Above all, the greatest concern for the late leader, John Garang, was the reunification of the Movement and the cohesion of its army, not for the purpose of scoring victory over the government forces, but rather to support and reinforce the negotiating position of the SPLM/N with the government. Thus, John Garang could not have harvested the fruits of the peace agreement without his success in reuniting the Movement after the return of dissident leaders, led by Riek Machar and Lam Akol, in 2002 and 2003, respectively.

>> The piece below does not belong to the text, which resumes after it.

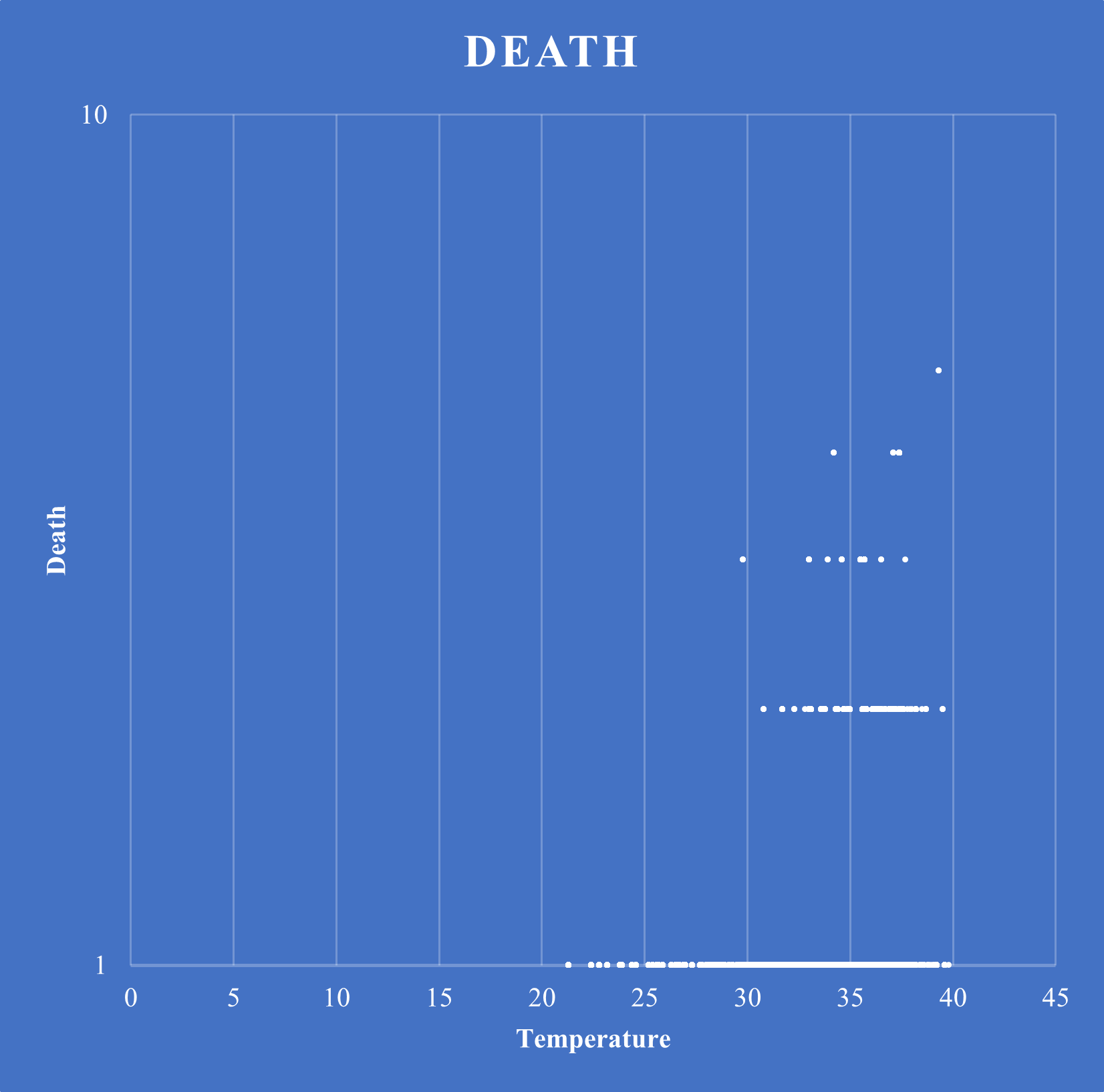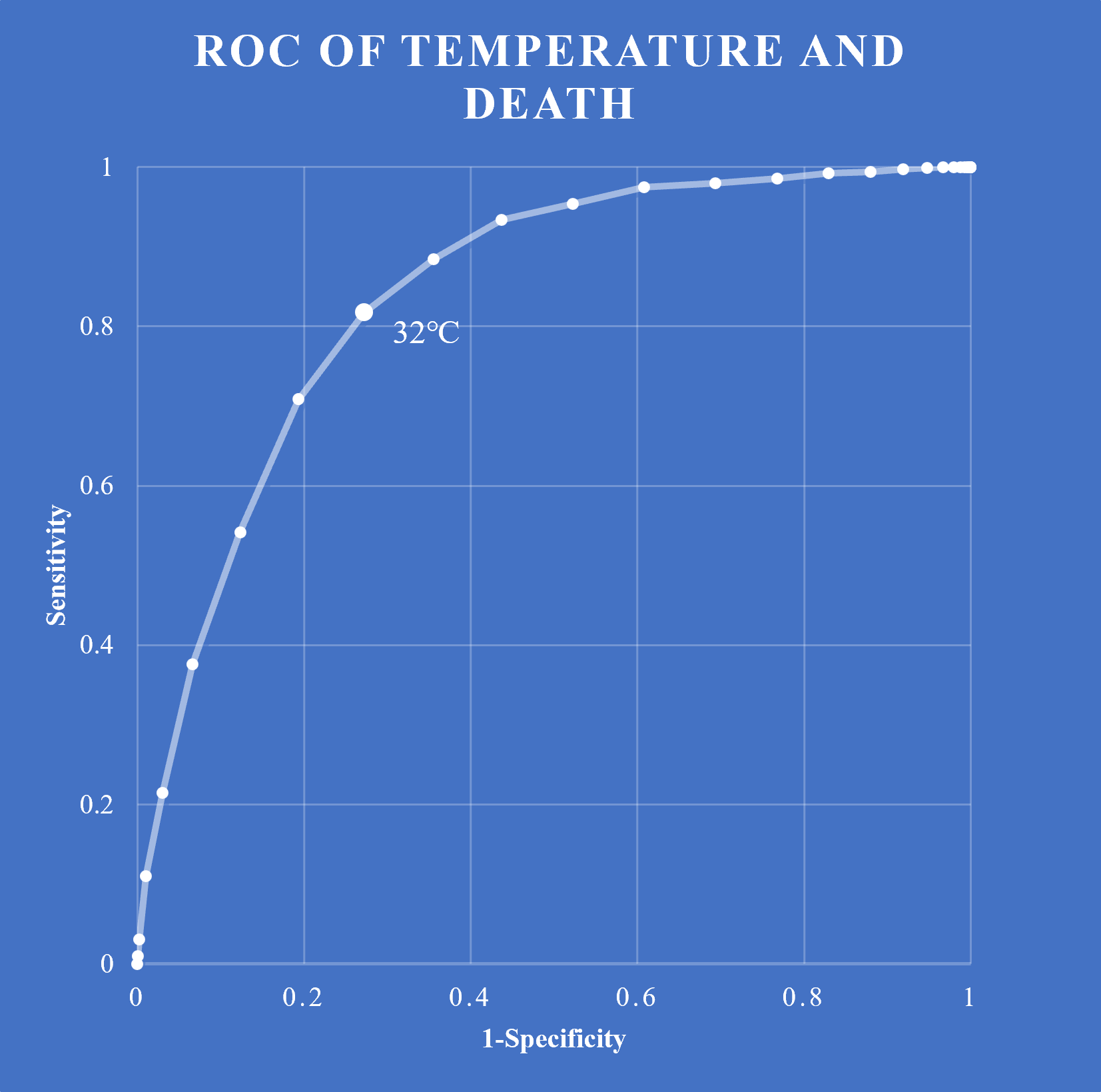死亡における閾値は32℃,感度は0.82, 特異度は0.73であった.

Although the present objective conditions and specific circumstances surrounding the SPLM/N are far different from those of the early third millennium, any observer of internal, regional and international political realities is not likely to miss the fact that there is no other realistic option to stop the war, except through negotiations with the government, leading to an acceptable political settlement. The regional and international scene has dramatically changed and the international community has become impatient with endless wars and bloody fighting, preferring a peacefully negotiated political settlement. Therefore, the unity of the SPLM/N remains key and is the password for achieving important political and economic gains for the people of the war-affected areas. Indeed, the latter have provided the fuel and have been victims of a devastating war which has continued to rage since the mid-1980s of last century.

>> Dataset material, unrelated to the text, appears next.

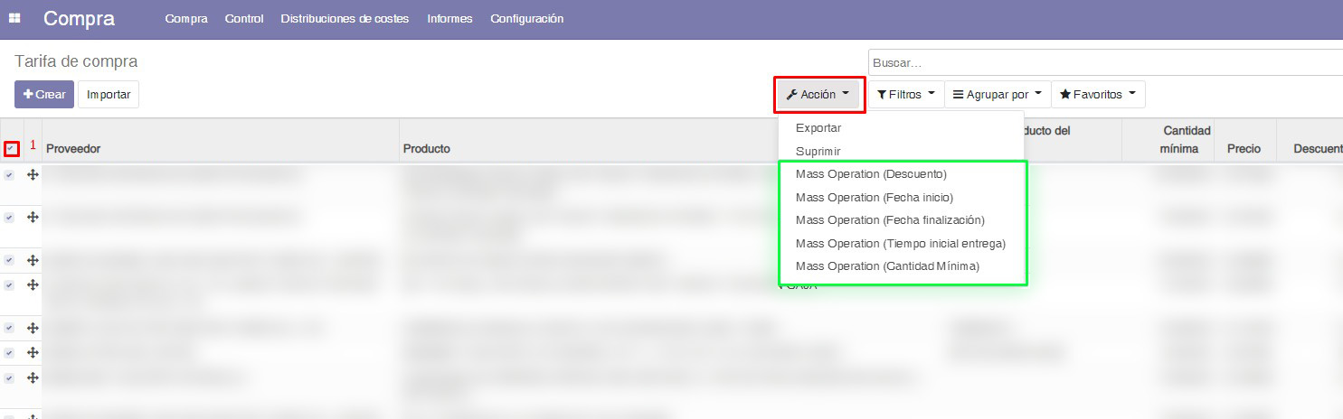 Para elegir los mass operation, deberemos seleccionar del listado mostrado unos cuantos para que se nos abra la ventana marcada.

It is certain that the leadership of the SPLM/A in the South is following up on the issues of the dispute in the SPLM/N. Undoubtedly, this leadership has the necessary capabilities and accumulated experience that it can use in its endeavor of re-unifying the Movement in the North, and in bringing the conflicting leaders around a common negotiating position, regarding the two contentious issues: self-determination and the preservation of the SPLA/N. The leadership in the South is well aware that cutting and pasting the historical experience of Southern Sudan, regarding these two demands, and fitting them to the situation of South Kordofan and Blue Nile is not a viable option! It is difficult, if not impossible, to reproduce a second “Naivasha”!

In any case, the leadership of the Movement, from both divides, must place as a top priority the unity and cohesion of the SPLM/N, together with a consensus on a unified negotiating position in order to reach a just peace, and/or preserving a future role for the Movement in the Sudan. This, in turn, calls for bringing together of the three areas/entities, South Kordofan, Blue Nile and the Northern Sector, into a unified and coherent organizational structure, especially since the achievement of this objective has been pending since the establishment of the SPLM/A in 1983.

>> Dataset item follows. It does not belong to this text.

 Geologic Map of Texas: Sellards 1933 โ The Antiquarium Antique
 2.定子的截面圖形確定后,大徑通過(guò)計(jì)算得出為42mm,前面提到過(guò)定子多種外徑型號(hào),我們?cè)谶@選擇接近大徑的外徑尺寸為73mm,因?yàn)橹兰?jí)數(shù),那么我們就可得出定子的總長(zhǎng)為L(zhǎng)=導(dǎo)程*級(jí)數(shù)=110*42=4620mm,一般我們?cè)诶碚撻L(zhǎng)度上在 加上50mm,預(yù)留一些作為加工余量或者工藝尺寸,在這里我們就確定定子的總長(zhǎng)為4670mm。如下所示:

The current predicament of the SPLM/N stands as a test for the divided leadership in how to review the evolution of the Movement in all its stages as a valuable lesson-learning exercise. They need to draw from historical experiences, before and after the secession of the South, and embark on planning to equip their cadres with skills necessary for the post-armed struggle phase, while preparing them to engage in formal competitive political activity, and to govern their respective areas after the end of the war.

Indeed, the hour of unity is here. Supporters of the Movement, and all aspirants for a just peace in the country, are hopeful that the leaders of the SPLM/N, and of the SPLM/A in the South alike, will seize this moment while cautioning against it going to waste like preceding lost opportunities.